Aired on Treasure Island Oldies – Mar 19, 2023
Ever wondered what the 45 singles of “Earth Angel” by the Penguins, “Rock Around The Clock” by Bill Haley And His Comets, “Green Onions” by Booker T & the MGs, “Maggie May” by Rod Stewart and “Na Na Hey Kiss Him Goodbye” by Steam all have in common? Probably not.
Well, back in the day when they were originally released, they were positioned as the B-side of the single with the corresponding A-side being destined for airplay. Thank goodness someone, primarily Deejays, had the wherewithal to turn them over …
There is no doubt that some of the greatest recordings of all time began their life as B-sides. Fortunately these recordings “saw the light” and made it to our ears.
However, B-sides were also subject to not even being heard because the A-sides were so strong and dominant.
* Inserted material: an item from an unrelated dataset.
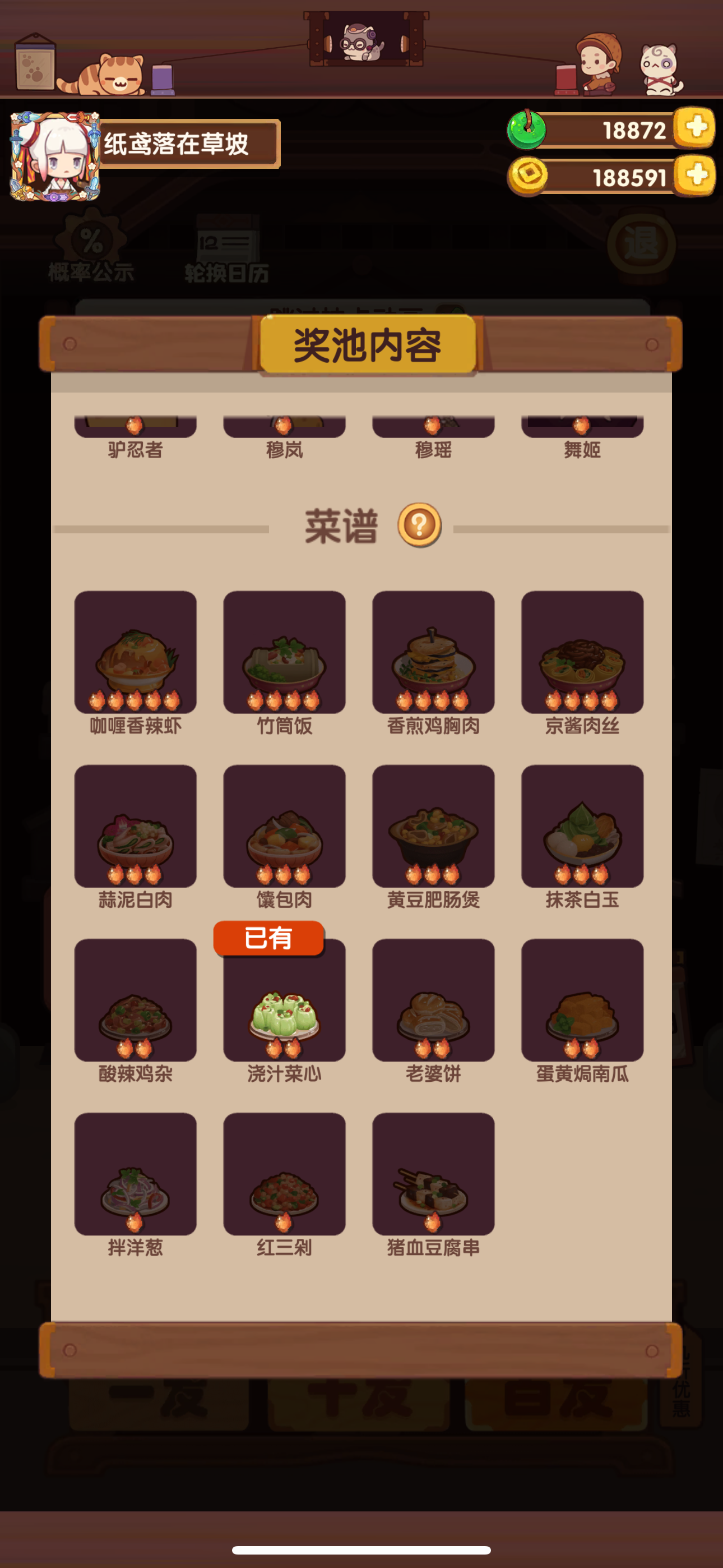 高级池6次百抽才出第一个菜谱,厨师为0争取每天3次百抽。疯狂刷拔丝雪梨 #爆炒江湖

These B-sides became “lost in the shuffle.”
In addition to this, there were songs whose A & B-sides both charted but still remain rarely heard today because the artist/group who performed them were most associated with other records they had which were more successful and memorable.
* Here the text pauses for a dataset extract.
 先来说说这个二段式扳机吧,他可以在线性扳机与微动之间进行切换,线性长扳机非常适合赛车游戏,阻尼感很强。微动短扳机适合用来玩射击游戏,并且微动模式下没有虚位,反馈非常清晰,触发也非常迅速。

Supporting this latter claim, is a record that was put out by the Temptations in October of 1965, five months after their smash hit “My Girl” had fallen off the Billboard Hot 100.
That October release was titled “My Baby” and it went to #13 position on the charts but it’s not a song that jumps out at you as being by the Temptations. Two months later, the record was flipped over and the B-side made its way onto the charts, only to be soon forgotten thanks to the Temptations February 1966 release, “Get Ready.”
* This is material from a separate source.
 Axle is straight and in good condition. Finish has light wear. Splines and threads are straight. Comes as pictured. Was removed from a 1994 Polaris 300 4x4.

Fans of “oldies” music enjoy hearing songs like “My Baby” because they are good and have not been overplayed. And when it comes to the B-side of these singles, which may have charted or should have charted, these “lost in the shuffle” tunes have been classified by some as “relics.”
In the case of the Temptations’ 1965 B-side relic, are you up to their challenge of “Don’t Look Back,” this week’s Tom Locke moment in time.
YouTube video of this song:
This “Moments In Time” story is yet another example of a “golden oldie” or forgotten favorite that earned its place in the evolution of Rock & Roll.